Nielsen Amalie Søgaard, Appel Charlotte W, Larsen Birgit Furstrand, Kayser Lars, Hanna Lisa
Section of Health Service Research, Department of Public Health, University of Copenhagen, Øster Farimagsgade 5, 1014, Copenhagen, Denmark.
School of Health and Social Development, Deakin University, Geelong, Australia.
J Patient Rep Outcomes. 2021 Sep 17;5(1):92. doi: 10.1186/s41687-021-00366-2.
Digital patient reported outcomes are used increasingly in daily care and treatment of inflammatory bowel disease. Their purpose includes increased focus on patient wellbeing, reduction in avoidable follow-up consultations and increased patient self-management.
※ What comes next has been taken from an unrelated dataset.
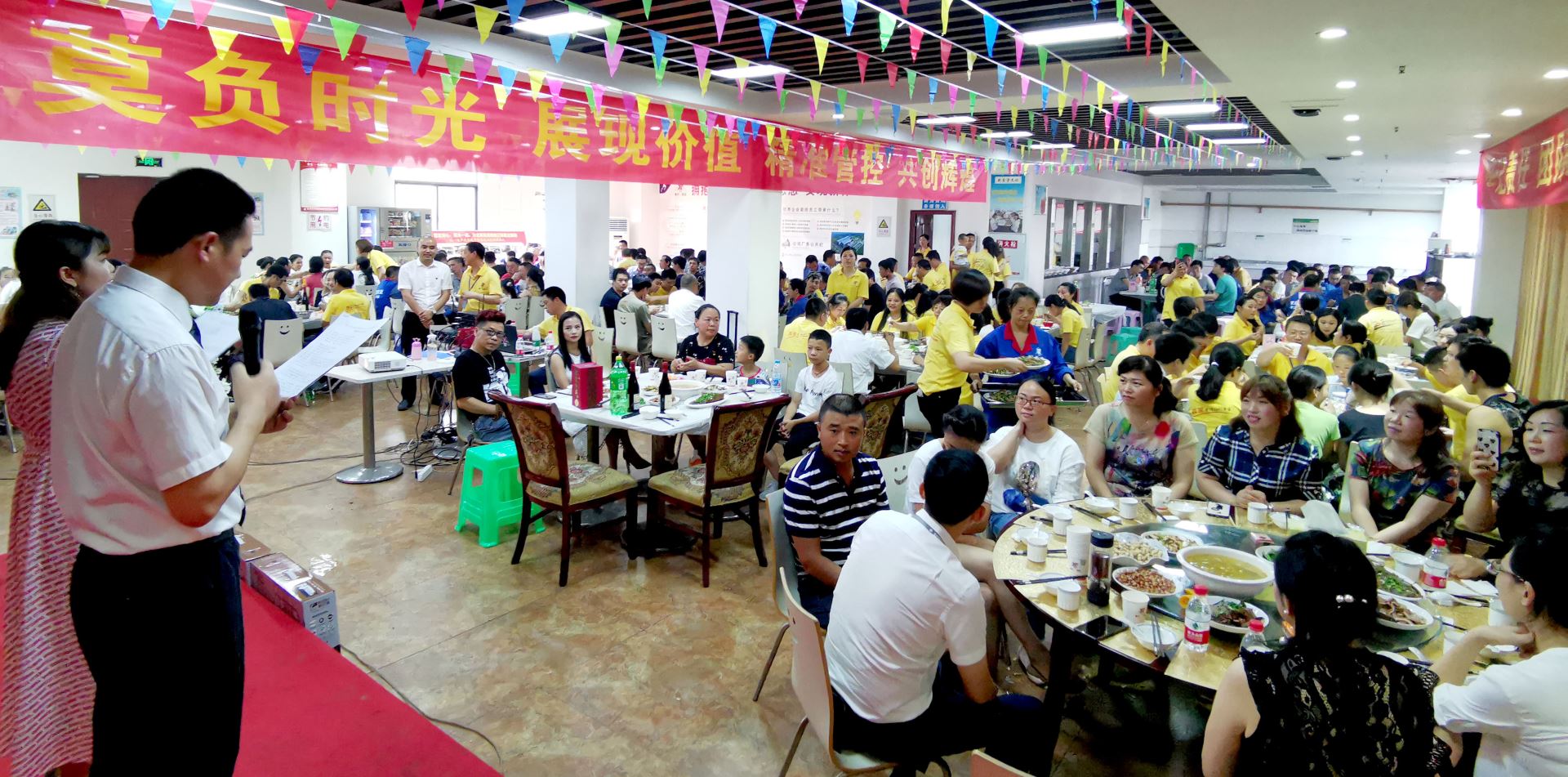 為隆重慶祝集團(tuán)公司上半年生產(chǎn)經(jīng)營(yíng)取得的優(yōu)異成績(jī),充分感謝全體新西亞家人在2019年上半年所作出的積極貢獻(xiàn),7月13日晚上,在公司食堂大廳舉辦了別開生面的答謝晚宴。公司全體股東、經(jīng)營(yíng)班子成員及全體新西亞家人245人參加了晚宴。為進(jìn)一步彰顯公司的“感恩文化”、“家文化”,公司特別邀請(qǐng)了10位員工家屬參加答謝晚宴。

However, implementation issues occur and studies indicate patients may have concerns, particularly regarding having fewer face-to-face consultations. This study aims to explore patients' perspectives of use and non-use of digital patient reported outcomes and to understand the mechanisms underpinning patient reluctance to engage with this health technology.
Sixteen patients with inflammatory bowel disease at a regional hospital in Denmark were interviewed about their experiences of, and perspectives on, digital patient reported outcomes. A certain level of eHealth literacy was found to be a fundamental condition for use, while other factors were barriers or facilitators for use of digital PROs. Patients' main concerns were about potential consequences for their care and relationship with the clinic. Most patients in stable remission were satisfied with the hospital being a "life-line" if their symptoms worsened, and perceived digital patient reported outcomes to be an efficient tool to establish that "life-line". Patients with severe symptoms and a high degree of emotional distress related to their disease valued the potential for digital patient reported outcomes to increase their clinicians' focus on mental health and extra-intestinal symptoms.
This study found that if patients had sufficient digital literacy, they perceived digital patient reported outcomes to be a useful replacement for face-to-face consultations. However, they were concerned about digital patient reported outcomes' effect on the patient-clinician relationship and its ability to detect worsening of symptoms. These concerns may be mitigated by good patient-clinician relationships, and the option for patients to maintain direct telephone contact with their gastroenterology specialist.
数字患者报告结局在炎症性肠病的日常护理和治疗中使用得越来越频繁。其目的包括更加关注患者的健康状况、减少不必要的随访咨询以及增强患者的自我管理能力。然而,在实施过程中出现了一些问题,研究表明患者可能存在担忧,尤其是关于面对面咨询减少的问题。本研究旨在探讨患者对使用和不使用数字患者报告结局的看法,并了解导致患者不愿使用这项健康技术的潜在机制。
对丹麦一家地区医院的16名炎症性肠病患者进行了访谈,询问他们对数字患者报告结局的体验和看法。发现一定程度的电子健康素养是使用的基本条件,而其他因素则是使用数字患者报告结局的障碍或促进因素。患者主要担心这会对他们的治疗以及与诊所的关系产生潜在影响。大多数处于稳定缓解期的患者对医院在症状恶化时作为“生命线”感到满意,并认为数字患者报告结局是建立这条“生命线”的有效工具。患有严重症状且因疾病导致高度情绪困扰的患者重视数字患者报告结局有可能使临床医生更加关注心理健康和肠外症状。
本研究发现,如果患者具备足够的数字素养,他们认为数字患者报告结局是面对面咨询的有用替代方式。然而,他们担心数字患者报告结局对患者与临床医生关系的影响以及其检测症状恶化的能力。良好的患者与临床医生关系以及患者与胃肠病专科医生保持直接电话联系的选择可能会减轻这些担忧。